La crítica desde la academia
Partha Dasgupta, economista de India, docente de la Universidad de Cambridge ataca con rigor metodológico el intento de mezclar flujos con stock.
Para él, el índice de bienestar más adecuado es la medida global de riqueza de una sociedad, entendida como el valor del stock de todos los activos, incluyendo por supuesto los recursos naturales, valorizados por sus precios sombra, o sea por el costo de aquello a lo cual reemplazaría o la estimación de su valor para el funcionamiento colectivo.
Esta propuesto es conceptualmente superadora de la anterior, pero presenta dos debilidades:
- Necesita de estimaciones de “capital natural” para las que no existe un método lineal ni sencillo, ni siquiera es fácil alcanzar acuerdos conceptuales. Por ejemplo: ¿cuál sería el valor del petróleo árabe? ¿El que determina quien lo tiene o la estimación que hace quien lo necesita?[i]
Podría decirse rápidamente que una cosa es función de la otra. Sin embargo, si estamos buscando medidas inobjetables del progreso, ¿es razonable medir la riqueza de un país por la disponibilidad de un recurso cuyo precio queda fijado por un patrón de consumo inadecuado de otro país?
- No tiene en consideración la distribución de ingresos o, como alternativa, la de patrimonio. P. Dasgupta se limita a señalar que el problema es simple, ya que se debería valorizar distinto el patrimonio, según quien lo posea, en función de la distribución de ingresos que se conozca.
Conclusión
Evidentemente no es la economía matemática la que nos brindará una respuesta a nuestra preocupación, que es la de tener parámetros que reflejen el estado de bienestar (y también de malestar, si se quiere) de una población. Tampoco las estadísticas nos ayudan en ese propósito, porque si la riqueza de un país es importante y a la vez se concentra en pocas manos, no podemos inferir que haya un bienestar generalizado entre la población.

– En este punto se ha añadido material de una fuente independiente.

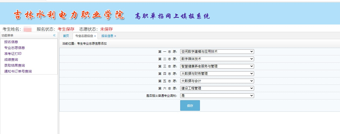 第六步:输入用户名密码(身份证后六位)进入报名系统,填报本人志愿信息点击保存,志愿信息未填报视为报名无效。(请及时修改密码,考生务必记住本人密码,成绩查询和录取查询都要使用该密码。)
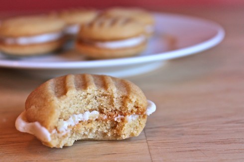 When cookies have cooled, spread a generous ½ teaspoon of filling between 2 cookies. I allowed my filling to sit for about 10 minutes, which allowed me more control over patting the filling evenly between the cookies. You may not be so fastidious.
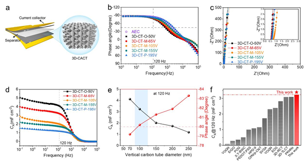 科研人员进一步以3D-CACT为电极,组装双电层电容器。测试发现器件在120 Hz下具有-80.2°的相位角、小于0.07 Ω cm2的等效串联电阻以及0.25毫秒的较短电阻-电容(RC)时间常数,表现出快速频率响应性能。该器件在120 Hz下的面积比电容达到3.23 mF cm-2,远高于商用铝电解电容器(约0.08 mF cm-2),并且高于迄今报道的三明治构型的水系滤波超级电容器的面比电容。上述结果表明,3D-CACT纳米阵列电极能够同时提供高速离子传输通道和丰富电荷吸附位点,具有优异的滤波性能。
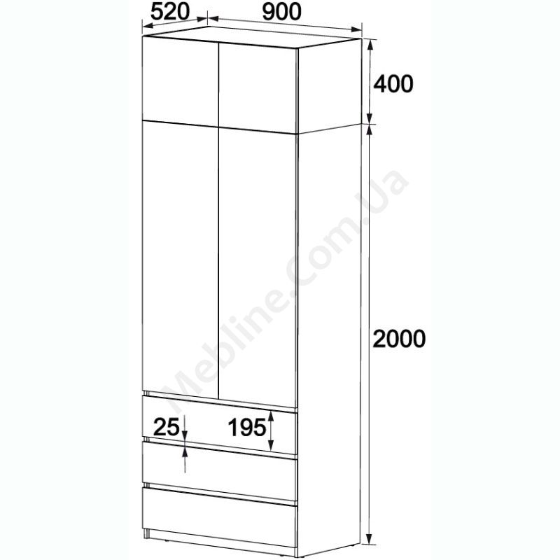 Двостулкова шафа з висувними шухлядами, антресоллю та штангою всередині.
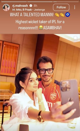 RJ महविश आम तौर पर चहल की टीम PBKS के मैच देखने जाती रहती हैं और वो PBKS vs KKR मैच देखनें भी पहुंचीं। मैच में युजवेंद्र चहल ने केकेआर के चार बल्लेबाजों को पवेलियन का रास्ता दिखाया, जिसके चलते सोशल मीडिया पर उनकी तारीफ होने लगी। RJ महविश ने चहल की तारीफ में अपने इंस्टाग्राम हैंडल पर स्टोरी लगाई, जिसके बैकग्राउंड में ‘जीतेंगे सारे वादे’ गाना भी एड किया।
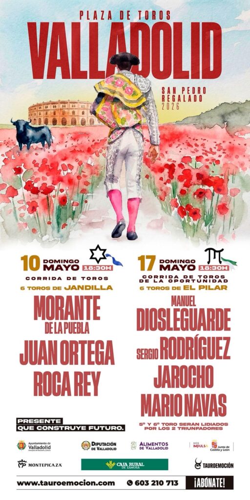 La programación se estructura en torno a dos grandes citas dominicales. La primera gran tarde de la feria tendrá lugar el domingo 10 de mayo, una jornada de máxima expectación que reunirá en el coso del Paseo de Zorrilla a Morante de la Puebla, Juan Ortega y Roca Rey. Esta terna de figuras se encargará de lidiar un encierro con la divisa de la ganadería de Jandilla, asegurando un cartel de enorme atractivo para el gran público.
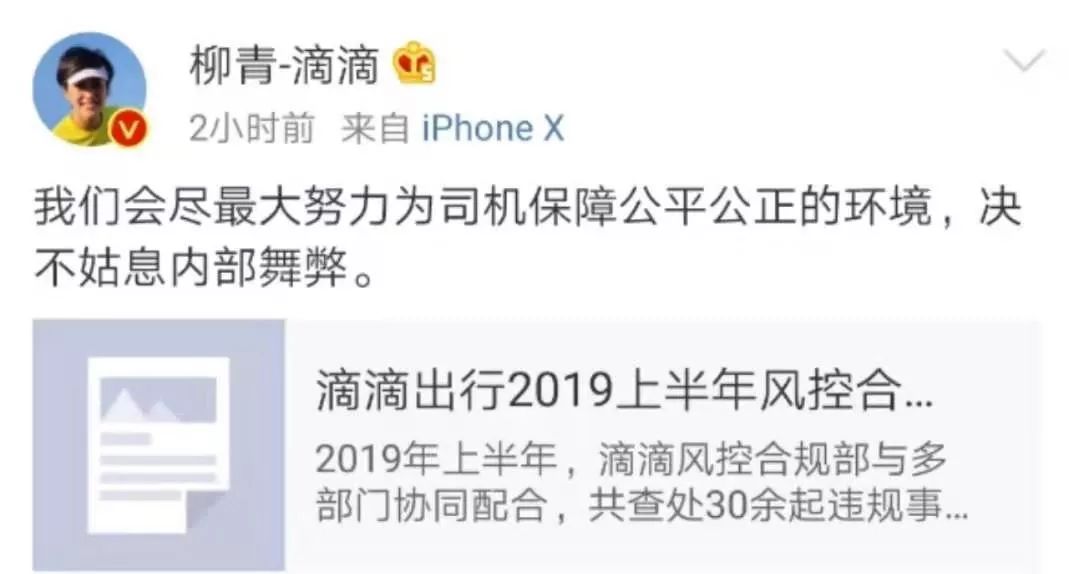 滴滴总裁柳青则表示:“我们会尽最大努力为司机保障公平公正的环境,决不姑息内部舞弊。”
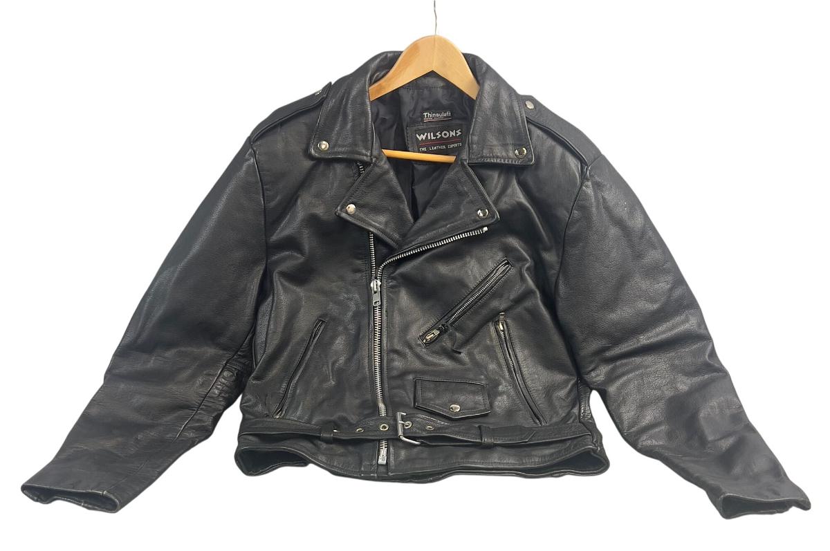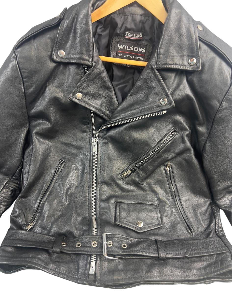 Vintage 1990's Wilsons Leather Motorcycle Jacket Biker Punk Cropped Sz M
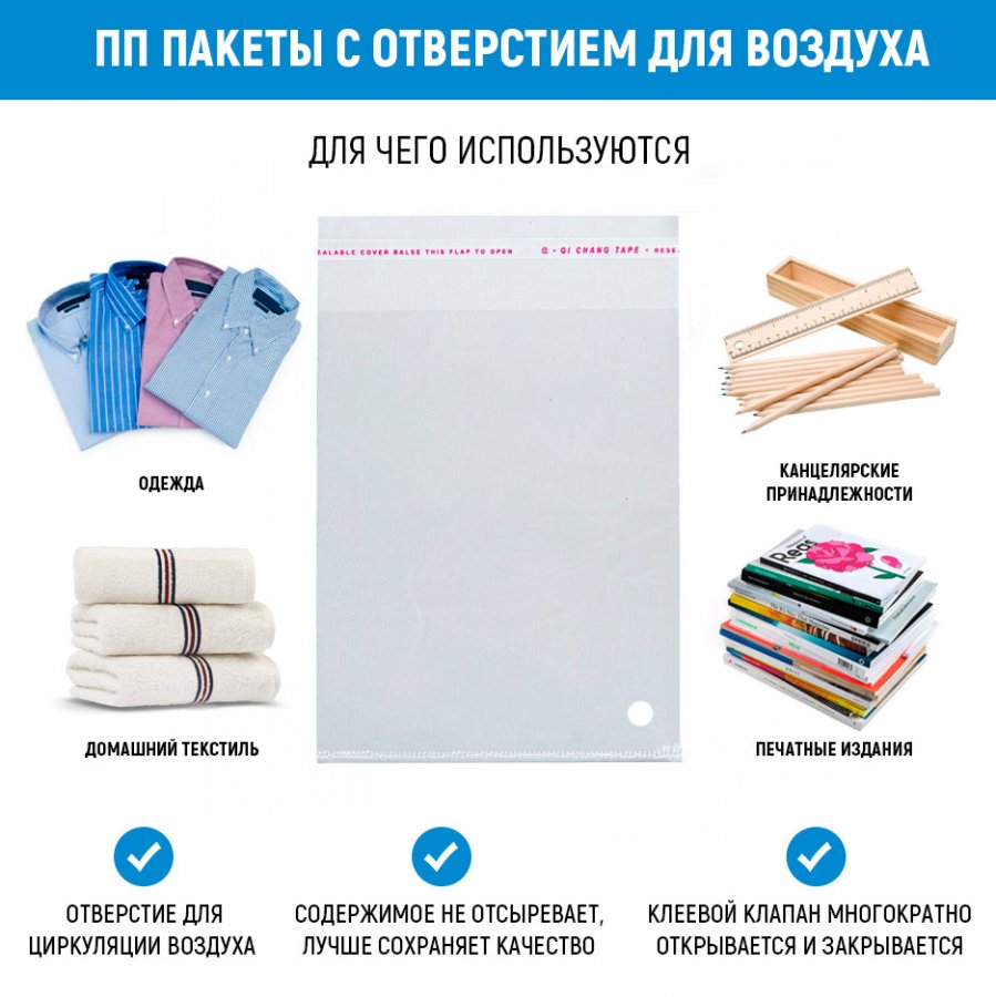 - Полипропиленовые пакеты 22x30 см с клеевым клапаном и отверстием для воздуха - удобное и практичное решение для упаковки самых разных товаров.

El GPI nos confirma que la medición del PBI es un dato directamente vinculado con la macroeconomía, que también se ocupa de la inflación, el desempleo y las políticas fiscales y monetarias, en tanto que es la microeconomía la que trata sobre los agentes económicos individuales, como consumidores, empresas y trabajadores, y su interacción en mercados específicos. También hemos considerado anteriormente que muchas actividades no son tenidas en cuenta para la determinación del PBI en virtud de que no están monetizadas, y son, sin embargo, esenciales para el funcionamiento armónico de una comunidad.
La economía de un país debe considerarse en su totalidad, ya que un PBI en crecimiento no significa necesariamente que su población incrementa su calidad de vida, y es por esa razón que el análisis tiene que ser lo suficientemente amplio como para reflejar la verdadera situación de todos los habitantes, y no la de un sector minoritario.
[i] El conflicto armado entre Irán-Israel-EEUU introdujo un factor extraordinario que pone en cuestión en concepto de “capital natural”.